The Influencers: Content creators are now front row in the culture. Through reels, streams, and skits, they shape how new consumers meet the plant. Some educate, others entertain, but all contribute. It’s a different kind of hustle—fast, flashy, and community-driven.

The Legal Retail Market: Dispensaries and delivery services are how most people now engage with the plant. This layer of the culture is built on design, curation, and service. It’s reshaping expectations—from how weed looks, to how it’s stored, to who’s selling it. Retail is culture in real time.

Global Markets: Europe and Asia: The movement is global. In Germany, cannabis is becoming part of national healthcare. In Thailand, reform is accelerating (and evolving). Japan is inching toward wellness conversations. Each region brings distinct history, regulation, and ritual. Together, they’re widening the lens.

The Origins: Women, LGBTQIA+

Some of the most vital voices in cannabis don’t always get the loudest spotlight—but they’ve always been leading.

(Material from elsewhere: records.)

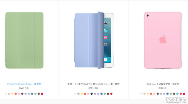 在發布會結束後,蘋果默默地在官網商城推出了新款的官方保護套。iPad mini 和新款 9.7 英寸 iPad Pro 的官方 Smart Cover 顏色多達 11 種,而 iPad mini 4 與 iPhone 6s / 6s Plus 的官方硅膠保護套顏色達到了前所未有的 14 款。更輕快的顏色給了消費者更多的選擇。除了硅膠殼推出更多配色,質感更為細膩的真皮質保護套的配色也增加了好幾款。
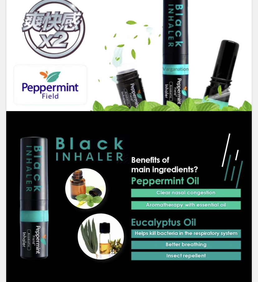 鼻通有兩邊,一邊係鼻通、一邊係雙倍薄荷油。 這款鼻通減少了薄荷🌿的成分比例,增加了尤加利的成分量,加強鼻子容易過敏、鼻塞者的改善問題! 它薄荷的清新香氣完美融合,創造出額外的清新香氣。僅含2%樟腦的配方,可以確保它對鼻膜是安全的。只需通過鼻子吸氣,將其擦在鼻子下方或太陽穴上,甚至將其放在口罩上即可更好地呼吸! Peppermint Field 主打年輕族群,Black Inhaler 結合搖滾 Rock Rock 的黑色設計, 打破傳統鼻通以往使用的白色,細細支,的的骰骰☺️ 超有型! 使用方法及功效: 鼻通薄荷棒分三段式設計兩種功效,打開前端蓋子是提神醒腦的吸(聞)鼻器,可適當緩解鼻塞或頭暈,並可重覆多次使用;下方轉開則是薄荷油,可在被蚊蟲叮咬或皮膚過敏時塗抹,或是將薄荷油抹在人中及太陽穴,也可幫助減緩頭暈等不適症狀。
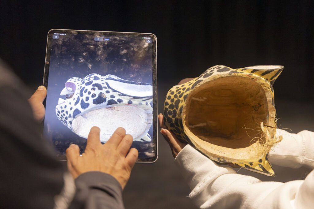 Apple includes robust Augmented Reality (AR) features into their iPhone and iPad. This link will send a file to your device that launches an AR display. Once the file is downloaded and the device camera is looking for a flat surface, view an open space and the exhibit will be projected on the device. Touch the virtual button to cycle through some of the masks. Touch the mask itself to go from a flat to stand-up views.
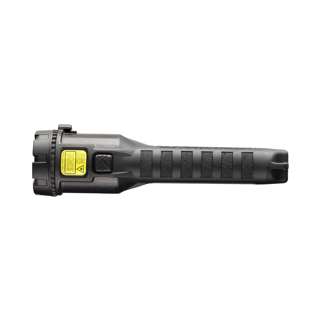 The first intrinsically safe flashlight featuring a red laser pointer. Targeting objects at a distance is easy with a forward-facing LED spot beam and laser pointer that can be used separately or at the same time.
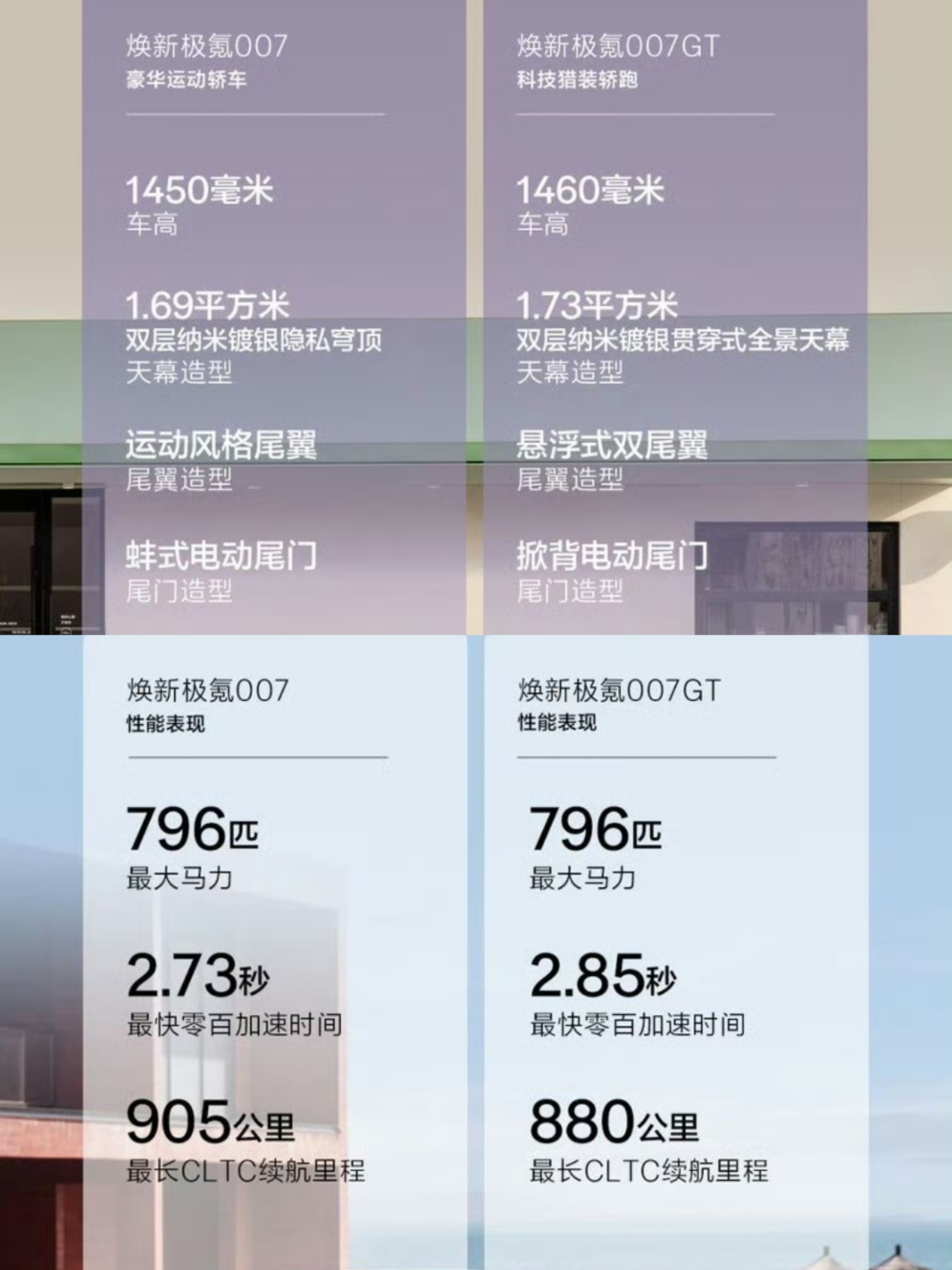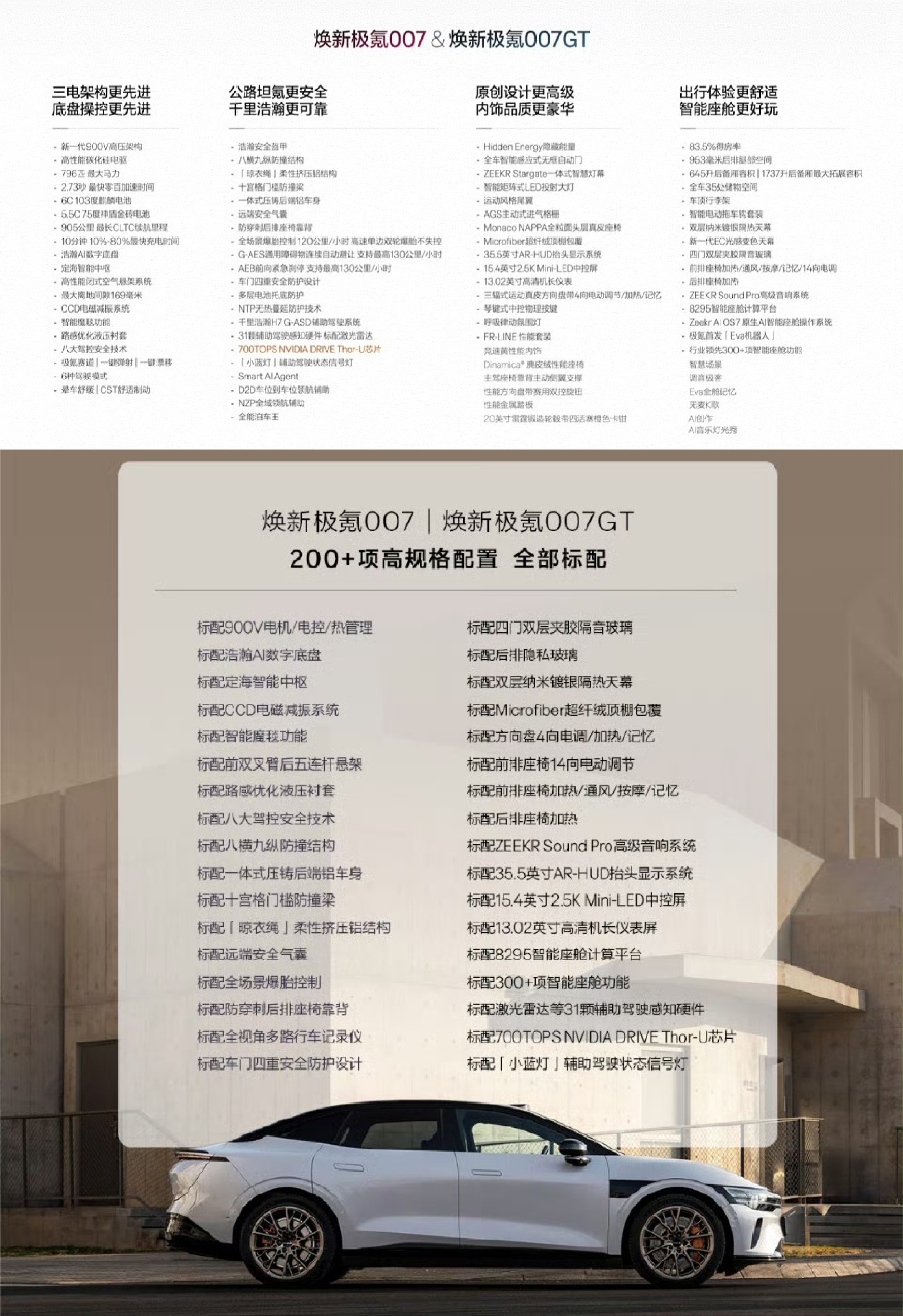 同时,焕新车型在车身结构、电池安全、极端工况防护上持续加码,新增远端气囊、高速爆胎稳定控制等配置与安全能力,全方位守护驾乘人员出行安全,用硬核技术重构纯电安全基准。针对不同用户喜好,两款车型各有亮点,适配多元用车场景。焕新极氪007兼顾颜值与实用,整体设计简约大气,内饰质感出众,适合追求均衡品质的家庭用户;而焕新极氪007GT作为科技猎装轿跑,堪称猎装爱好者的不二之选,驾驶乐趣拉满。
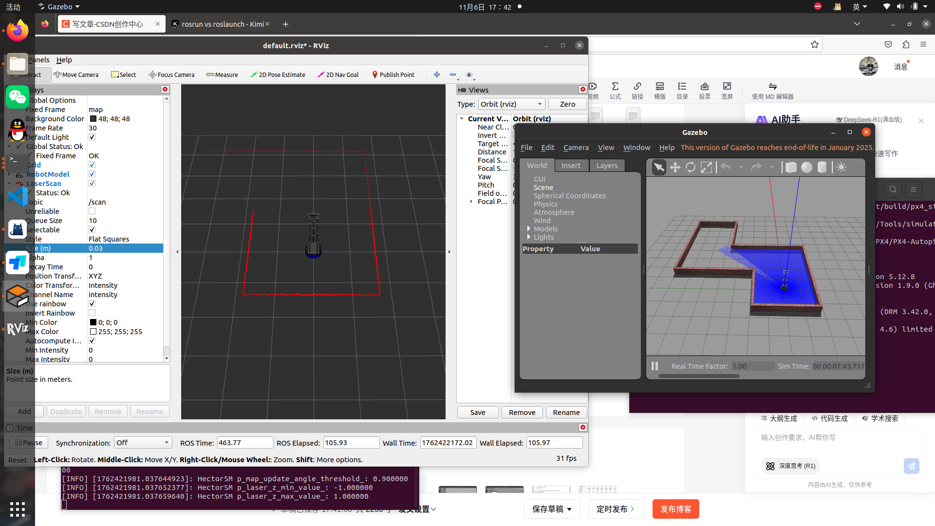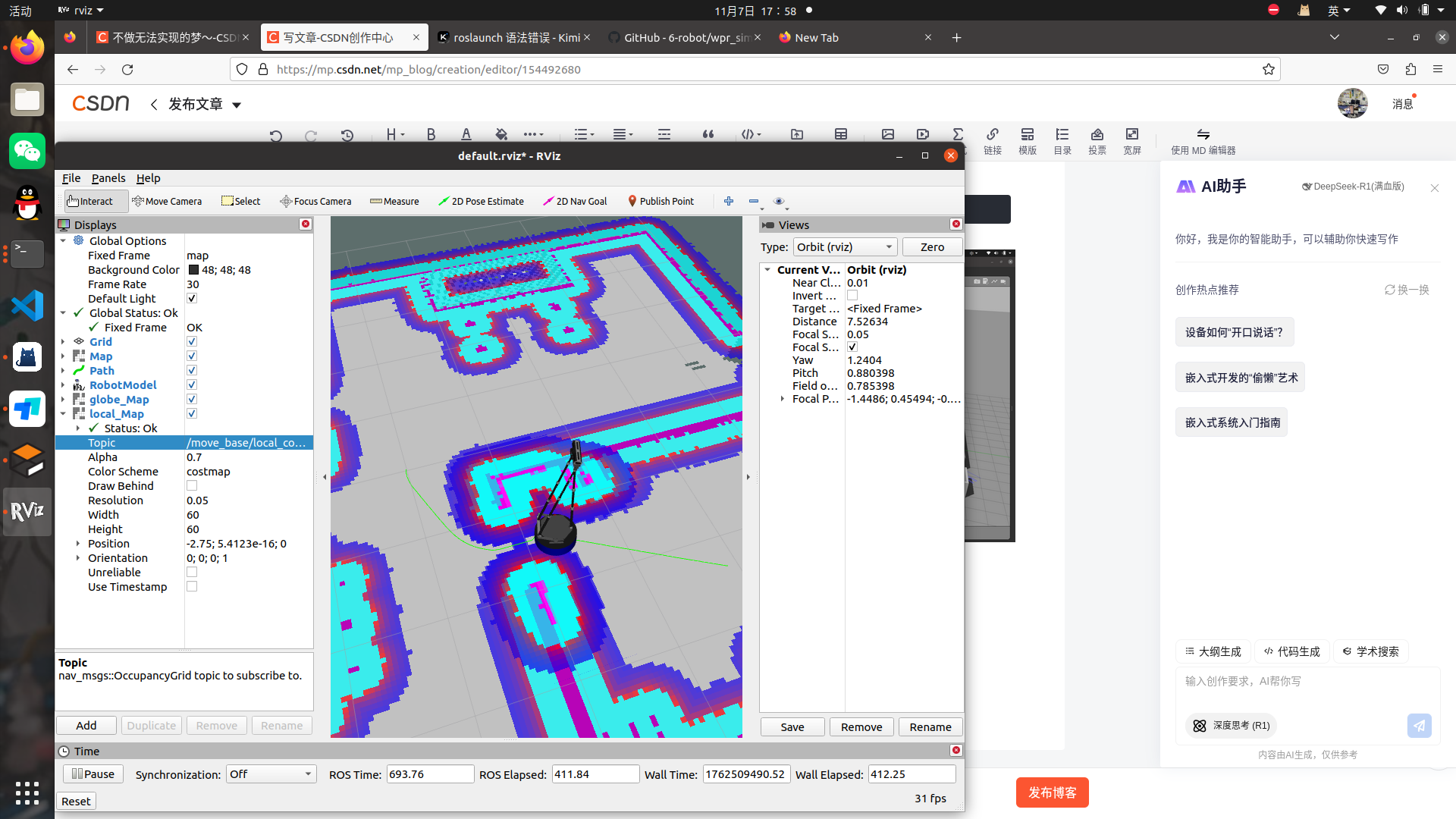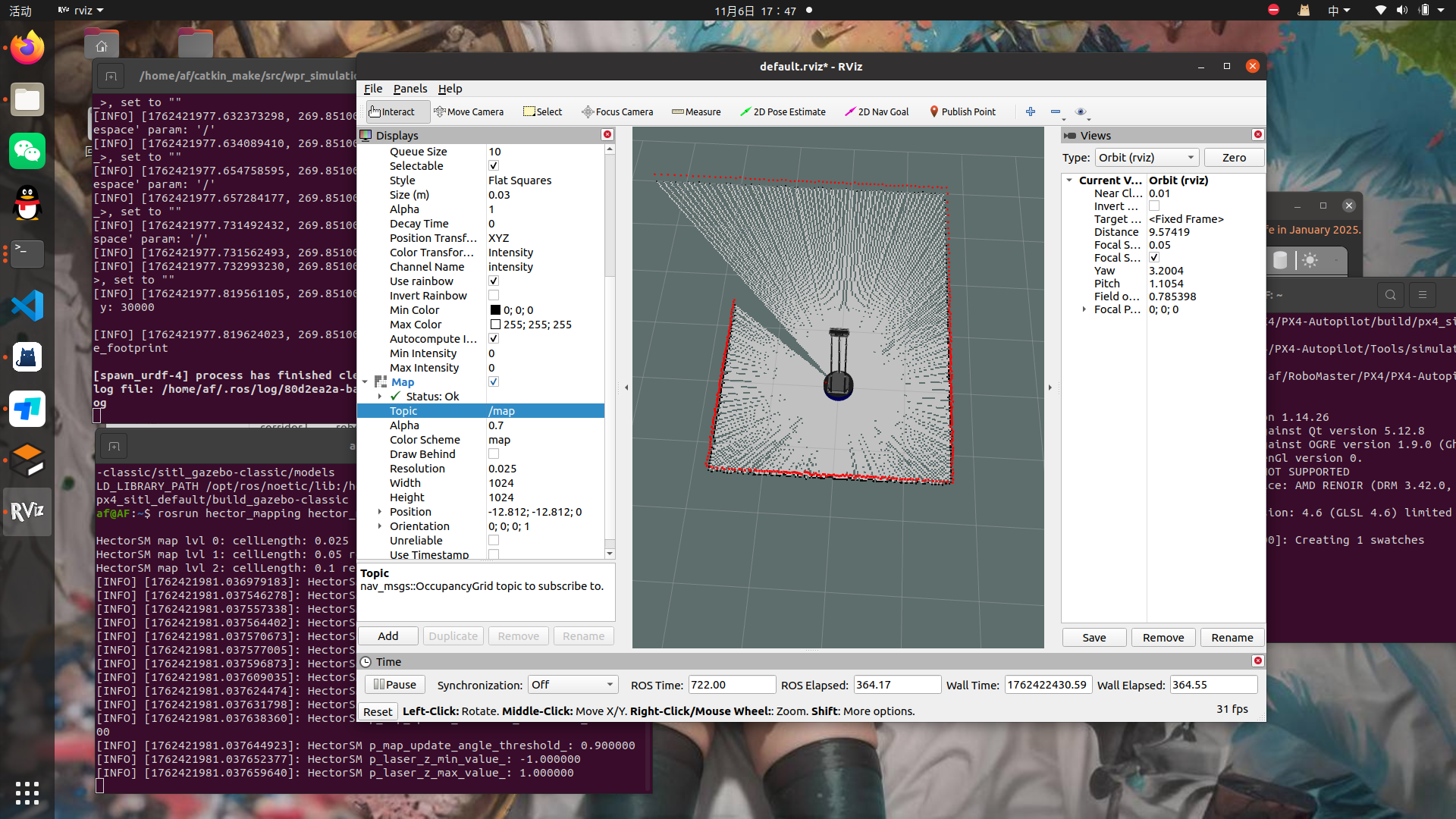 然后就实现了对应的要求,这会有一个问题就是,当机器人起点和rviz显示的不一样的时候,需重新建一个地图
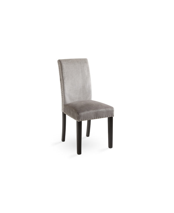 • High back grey velvet dining chair is accentuated with double row nail heads.
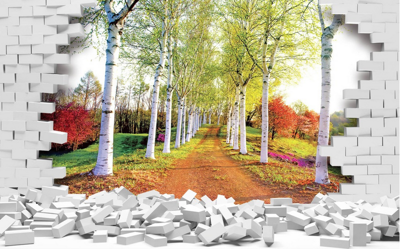 Align panel 2 to panel 1. Simply match the pattern of the mural (with 2cm overlap).No need to cut. Repeat for additional panels. Trim any ceiling and baseboard overage, lt's better to wipe the mural's surface with a wet cloth after the installation. Because it will make more sticky.

We’ll explore these culture-keepers more deeply next: the femme founders, queer creatives, and content hustlers who continue to expand the possibilities of what cannabis can mean. Women and LGBTQIA+ advocates have been at the forefront since the beginning, from fighting for medical access during the AIDS crisis to creating safer, more inclusive spaces today. Their impact is woven into policy, branding, education, and community care. Add to that a new wave of digital influencers—educators, creators, connectors—who help shape how people discover and experience the plant. They bridge gaps between underground and mainstream, old-school and new-gen. Together, they’re not just part of the culture—they’re curating its future.

So, What Is Cannabis Culture?

It’s not one group. Not one story. It’s a wild, gorgeous intersection of passions, traditions, and perspectives. From lab coats to late-nights, trends and terpene tests, it’s all part of a bigger, living story.

Cannabis culture is an array of tribes—and vibes!